(Beginning of DATA SEGMENT)

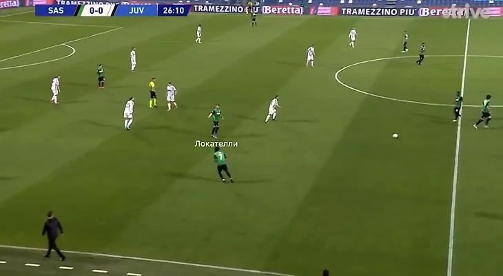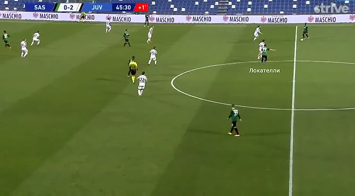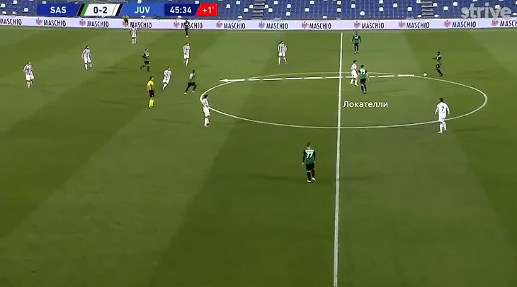 Слева атака увязла, и Локателли тут же пришел туда: стянул соперников и отдал за линию прессинга.
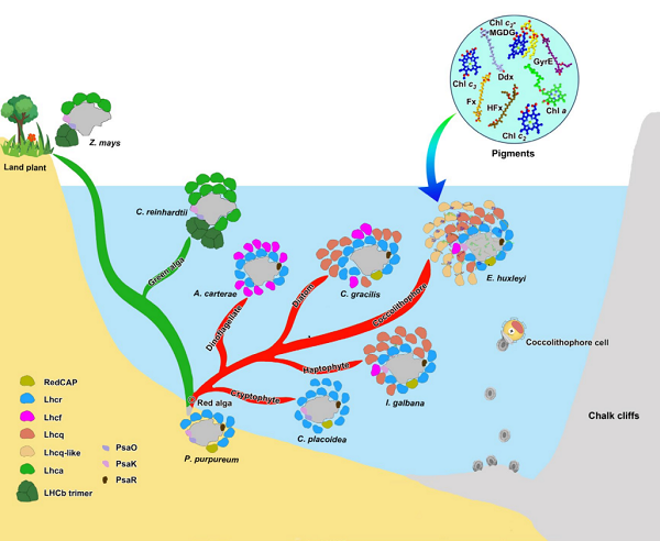 光系統I-捕光天線復合體在光合作用中負責將光能轉化為化學能。由于光合生物對不同光環境的適應性,該復合體在結構和大小上呈現顯著差異。特別是從海岸帶向“陸”和“洋”兩個方向的環境適應過程中,光系統I-捕光天線復合體更是經歷了深刻的演化。顆石藻起源于古海岸帶,于中生代征服遠洋并達到繁盛,對當今全球的氣候和生態意義重大。其中,赫胥黎艾氏藻(Emiliania huxleyi)是顆石藻類群中最著名的模式生物,是海岸帶生物學中的重要研究對象。因此,赫胥黎艾氏藻光系統I-捕光天線復合體光能利用分子機制的研究對于海岸帶生物適應性進化的研究意義非常重大。
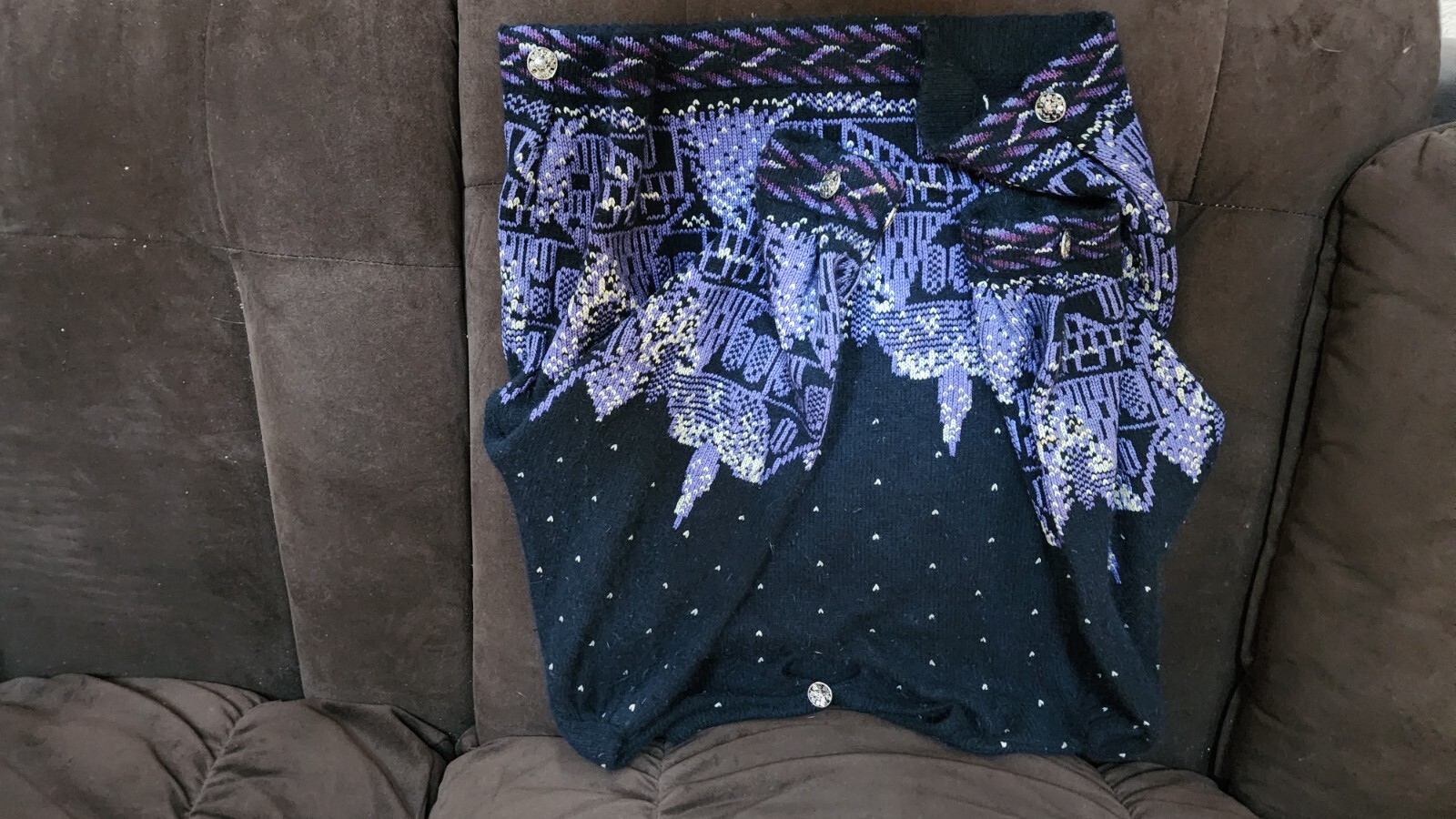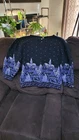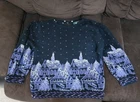 This black cullinane sweater in size M for women features a round neck and a winter town motif. Made with cotton, lambswool, and angora, this pullover style sweater is perfect for the winter season. The sweater has a designer, Christmas, holiday, outdoor, 80s, classic, and retro theme.

(End of DATA SEGMENT)

Output the line containing "光系統I-捕光天線復合體在光" along with every line after it to the end of the material, exactly as written, but without pictures.

= FINISHED TASK =
 光系統I-捕光天線復合體在光合作用中負責將光能轉化為化學能。由于光合生物對不同光環境的適應性,該復合體在結構和大小上呈現顯著差異。特別是從海岸帶向“陸”和“洋”兩個方向的環境適應過程中,光系統I-捕光天線復合體更是經歷了深刻的演化。顆石藻起源于古海岸帶,于中生代征服遠洋并達到繁盛,對當今全球的氣候和生態意義重大。其中,赫胥黎艾氏藻(Emiliania huxleyi)是顆石藻類群中最著名的模式生物,是海岸帶生物學中的重要研究對象。因此,赫胥黎艾氏藻光系統I-捕光天線復合體光能利用分子機制的研究對于海岸帶生物適應性進化的研究意義非常重大。
 This black cullinane sweater in size M for women features a round neck and a winter town motif. Made with cotton, lambswool, and angora, this pullover style sweater is perfect for the winter season. The sweater has a designer, Christmas, holiday, outdoor, 80s, classic, and retro theme.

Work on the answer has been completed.